Over the past decade, CX consultants, practitioners and associations have identified competencies and practices for success – such as those established by the CXPA in their CCXP Certification programme. And the public relations buzz around CX isn’t too bad either.
Conferences, whitepapers, training providers have all expanded around the topic. As a good friend said to me, it seems like everybody is a CX expert these days. And everyone is looking for the (right) answers to to achieve their CX ambitions.
But wait. Are the opportunities and challenges presented by CX all new? Or are there some CX lessons we can learn by examining past work done in successful contact centres?
As you’ll see, I think there are.
Your friendly neighbourhood contact centre manager
I came to CX through the contact centre industry. And I couldn’t have asked for a better path.
That’s because great contact centre managers have tackled some of the challenges – and realised some of the opportunities – that are talked about today in CX forums.
Sure, the contact centre is a subset of CX. And yes, contact centre managers who rebrand themselves as customer experience managers – with no significant change in functional responsibilities – cloud the full meaning of CX. But successful contact centre managers have navigated (for years in some cases) some of the things we talk about in CX today.

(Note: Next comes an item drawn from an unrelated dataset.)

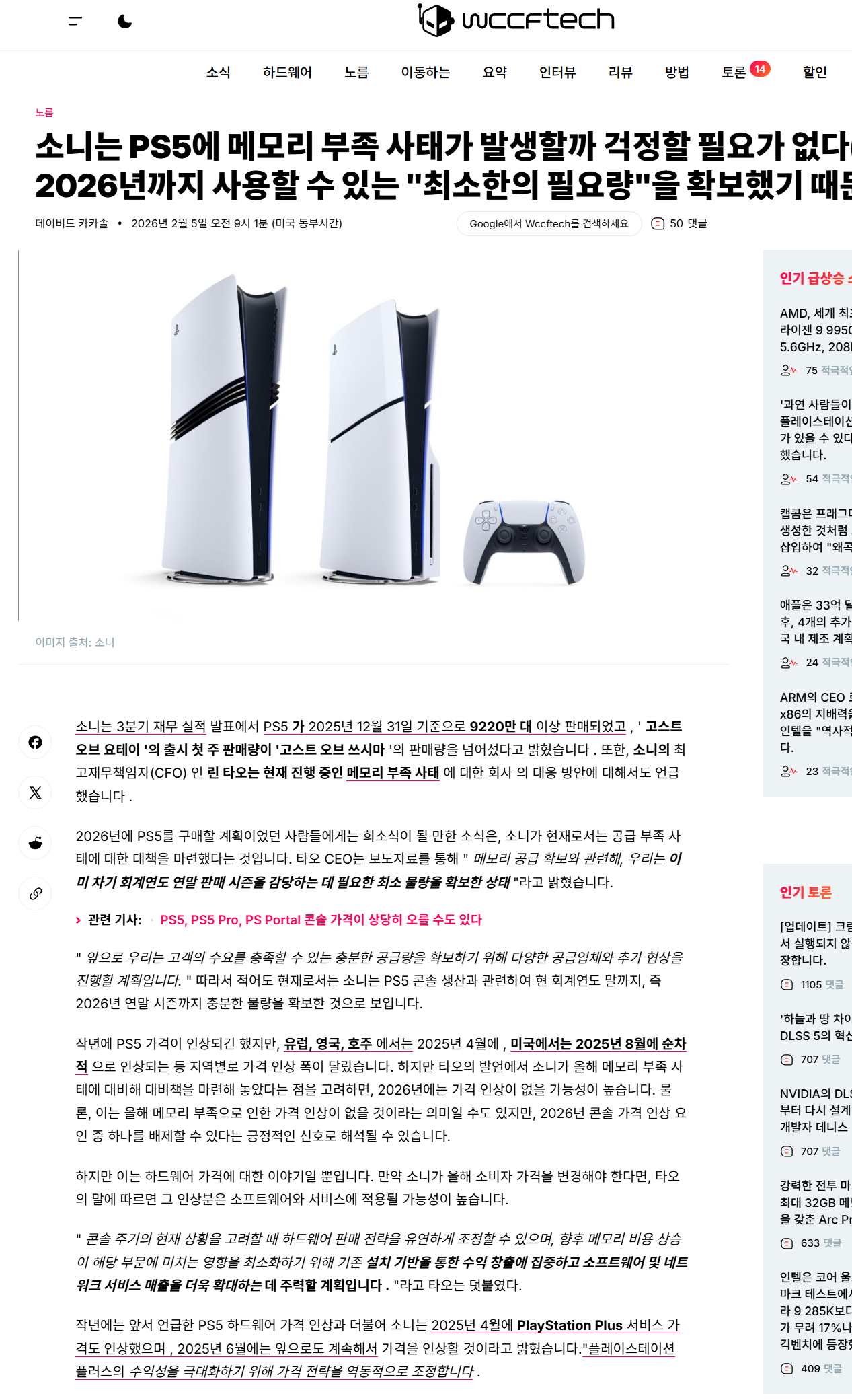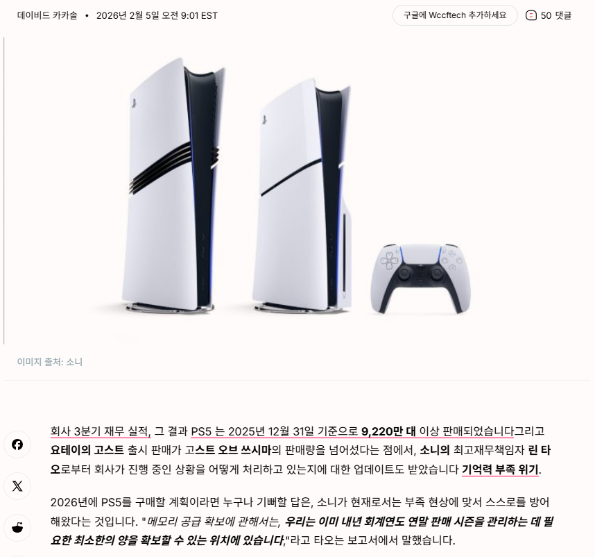 "메모리 공급 확보에 관해서는, 우리는 이미 내년 회계연도 연말 판매 시즌을 관리하는 데 필요한 최소한의 양을 확보할 수 있는 위치에 있습니다,"라고 타오는 보고서에서 말했습니다. "앞으로도 고객의 수요를 충족할 수 있을 만큼 충분한 공급을 확보하기 위해 다양한 공급업체와 추가 협상을 진행할 계획입니다." https://wccftech.com/sony-memory-shortages-ps5-ps5-pro/ 그게 기레기들 낚시잖아요 저 기사의 제목만 봐도 메모리 확보를 했다고 나오는데 막상 내용을 읽어보면 확보를 한게 아니라 노력하고 있다는 뜻이잖아요 | 26.03.27 11:25 | | |

So if you’re after some answers to some of your burning CX questions, I’d consider talking to my contact centre people.
Here are some examples.
Example #1 – Are you a cost centre or are you a profit centre?
For you contact centre folks out there – did that header just make you shudder? I’m with you on that.
One of the most discussed topics over the past two decades has been whether the contact centre is primarily a bottomless money pit or a strategic function that delivers value.
To shift the organisational discussion away from the cost-centre mentality, I think successful contact centre managers have been able to:
- Prove the centre’s impact on customer satisfaction and related loyalty metrics.
- Present logical business cases to senior management in the language of numbers and outcomes.
- Provide useful business intelligence to other departments and functions.
For CX folks, does any of this sound familiar? It should.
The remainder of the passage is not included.